The breaking point occurred after he found that Comcast accused him of using 120GB of data during a period when he wasn’t just away from home — but out of the country on vacation.
In order to demonstrate to Comcast that he wasn’t mysteriously streaming Netflix through his home modem from a continent away and that some clever neighbor hadn’t bypassed his home network’s security, the customer disconnected his cable modem for nearly a week, using only cellular data for those days.
Without the modem attached, there’s no way that he — or any WiFi hanger-on — could access the Comcast network, and yet, according to the company’s data cap meter he’d used 66GB during those six days.
Additionally, the customer — who didn’t change his in-home data use during this time; just did it all over a cellular network — found that he’d only used around 8GB of data.
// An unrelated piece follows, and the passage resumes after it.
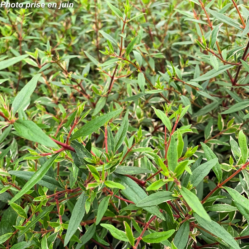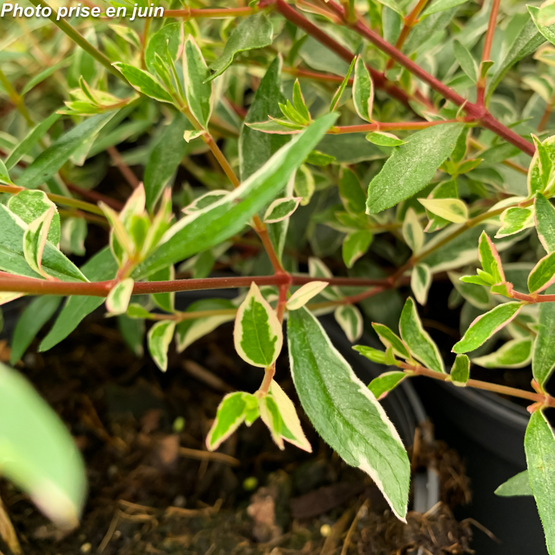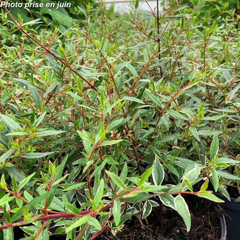 Arbuste semi-persistant. Feuillage vert marginé de blanc. Floraison blanc rosé en été. Port compact en boule. Exposition: soleil, mi-ombre. Sol sain bien drainé. 0. 60 m x 0. 50 m. Rusticité: -7°C.
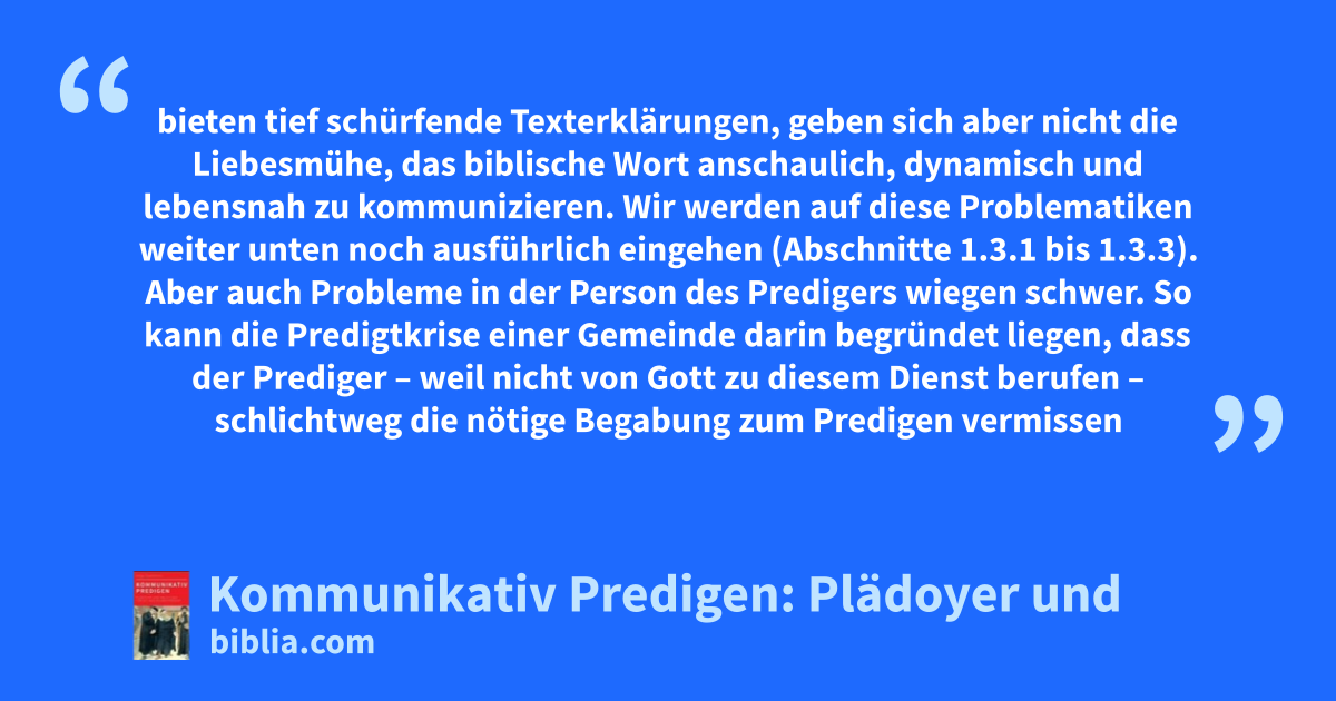 bieten tief schürfende Texterklärungen, geben sich aber nicht die Liebesmühe, das biblische Wort anschaulich, dynamisch und lebensnah zu kommunizieren. Wir werden auf diese Problematiken weiter unten noch ausführlich eingehen (Abschnitte 1.3.1 bis 1.3.3). Aber auch Probleme in der Person des Predigers wiegen schwer. So kann die Predigtkrise einer Gemeinde darin begründet liegen, dass der Prediger – weil nicht von Gott zu diesem Dienst berufen – schlichtweg die nötige Begabung zum Predigen vermissen

Assuming that’s an average week for his home use, there’s no way he’d come even close to reaching 300GB/month. He’d have to be averaging more than 8GB a day to hit that threshold.
When Ars contacted Comcast, the company fessed up to the goof, but did not appear to offer any explanation other than, “There was a technical error associated with his account, which we have since corrected.”
The company did apparently tell the customer that it had gotten him confused with another Comcast user.
“It turns out their system had my modem MAC address entered incorrectly,” he explained to Ars, “there was an off-by-one typo that was hard to see so they were counting data from some modem who knows where.”
Comcast maintains that its data cap meter is accurate around 94% of the time, but let’s give the company an even bigger benefit of a doubt and assume that this sort of problem affects about half of one percent of Comcast users. That’s still more than 100,000 people, many of whom may not know exactly how much data streaming videos and other content consumes. These users may be paying overage fees they don’t owe.
Brian Roberts, the Comcast CEO who does a horrible job of defending the company his daddy left him, has repeatedly tried to explain that data caps are about making sure that customers who use the most pay the most. But in reality, it’s more of a case of making sure that the customer that Comcast mistakenly thinks uses the most is subsidizing someone else’s overuse.